Four horses or mules, 75 cents.

Loaded wagon or Sled Carriage or Sleigh drawn by;
One horse or mule, 20 cents Two horses, mules or oxen, 60 cents Every additional horse mule or ox, 5 cents Each cord of firewood, 62½ cents

Single Horse and Rider, 15 cents Horse, mule, or donkey without a rider, 8 cents Foot passenger, 3 cents.

However, in 1850, word came that Robert Wilson, toll collector for the CVRR Bridge, allowed cattle and other stock to pass for a lesser toll than the rates the two companies had agreed upon in 1847. Naturally, the Camelback lost substantial business. The end result proved extremely profitable for both companies. On November 6, 1850, an agreement was signed that the CVRR would be paid quarterly an annual sum of $5,000 for the next ten years to ban all pedestrian, stock and wheeled traffic from its bridge and demote itself entirely to locomotive travel. Both companies enjoyed this transaction so much that it extended long past the original expiration date of 1860.

Defending The Capital

Harrisburg, with a population of fourteen thousand in the 1860 census, had certainly seen its share of war by the early summer of 1863. Three days after Fort Sumter had surrendered and the war broke out in mid-April 1861, Camp Curtin was established. It soon became the largest training camp in the North.

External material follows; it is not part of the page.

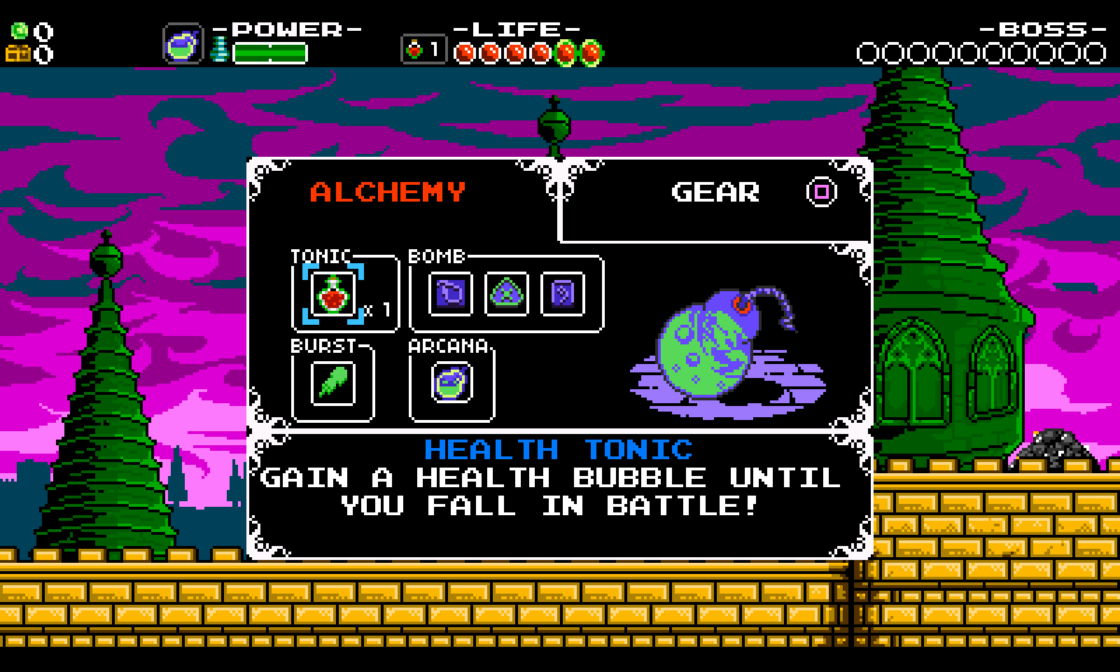 Plague Knight can quaff a health tonic to increase his Maximum Health by one bubble! However, if Plague Knight falls in battle, the tonic’s effect is lost. Make sure to keep lots on hand, just in case!
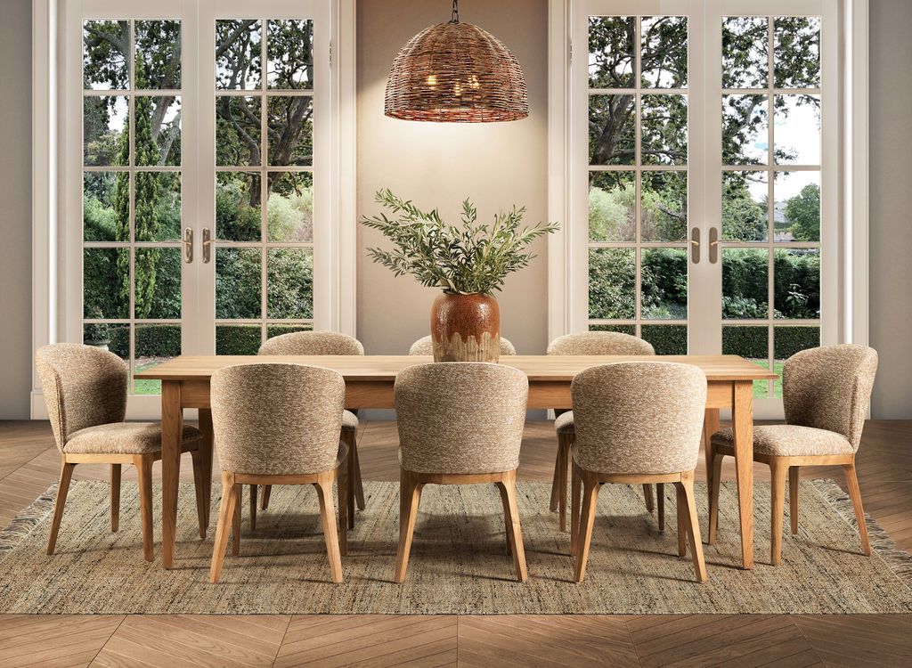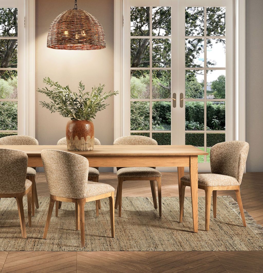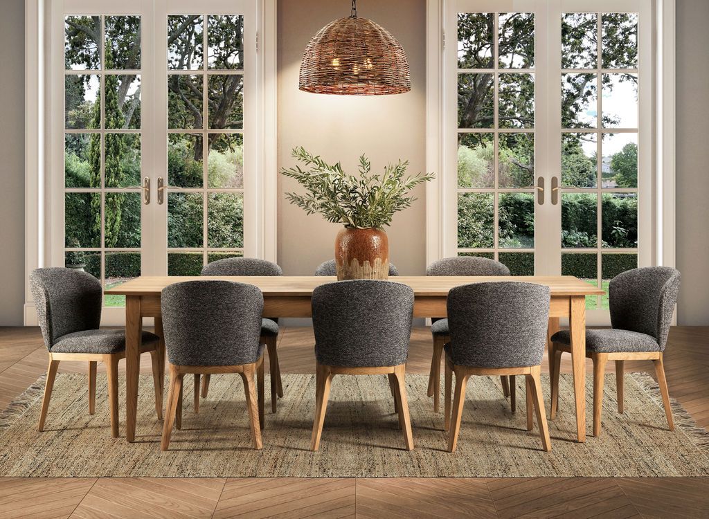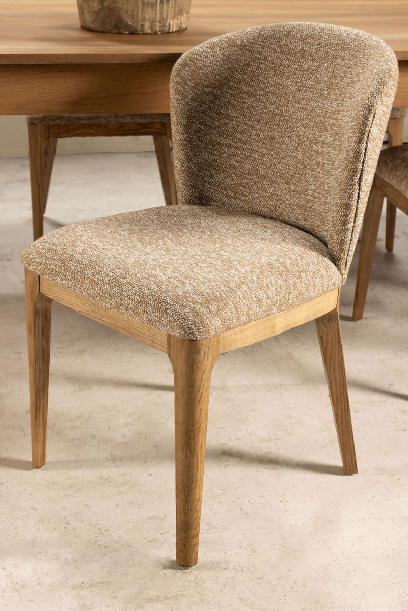 The Ebony Musa dining chair adds a touch of glamour to your dining space with its sleek design and versatile appeal. Available in two elegant colour options - natural and charcoal - this dining chair is crafted from 100% polypropylene boucle fabric, ensuring both durability and style. The on-trend boucle fabric enhances the chair's straightforward shape, bringing a rich texture to your dining area. Its compact form allows for numerous chairs to fit around any table, making it perfect for entertaining. Whether paired with a glass-top table or a simple wooden table, the Musa dining chair effortlessly adds a modern edge while providing comfort and luxury.

In the late spring of 1863, General Robert E. Lee and his Confederate Army of Northern Virginia were again plotting an invasion into the Dutch farm fields of southern Pennsylvania after he had been stalled at Antietam the previous fall. His goals included relieving Virginia of the heavy burden of being the eastern theater's main fighting ground, replenishing his army's subsistence with foods at the expense of Maryland and Pennsylvania farms, drawing Federal attention from other sectors and targeting Harrisburg, the capture of which had the potential of greatly embarrassing Federal war efforts. A combination of the above could give Lee a successful campaign and push forth peace talks for the end of the war and ultimately the Confederacy's independence.

Harrisburg was among the most promising of these options. It was, of course, a Northern capital, the capture of which would give the Rebels a major morale boost and an outside chance of foreign recognition. Camp Curtin was located in Harrisburg, which, if captured, would cut off a major flow of Federal reinforcements to the Northern armies engaged in the field. Lastly were the dozens of roads, bridges and railroads emanating from the city, several of which led to Philadelphia, Baltimore and Washington, three cities that would have, if captured or substantially threatened, severely damaged any leverage President Abraham Lincoln still held to continue the war. "If Harrisburg comes within your means, capture it," Lee wrote to Second Corps commander Lieutenant General Richard S. Ewell on June 22. Capturing or threatening Harrisburg could significantly help Lee accomplish his strategic goals.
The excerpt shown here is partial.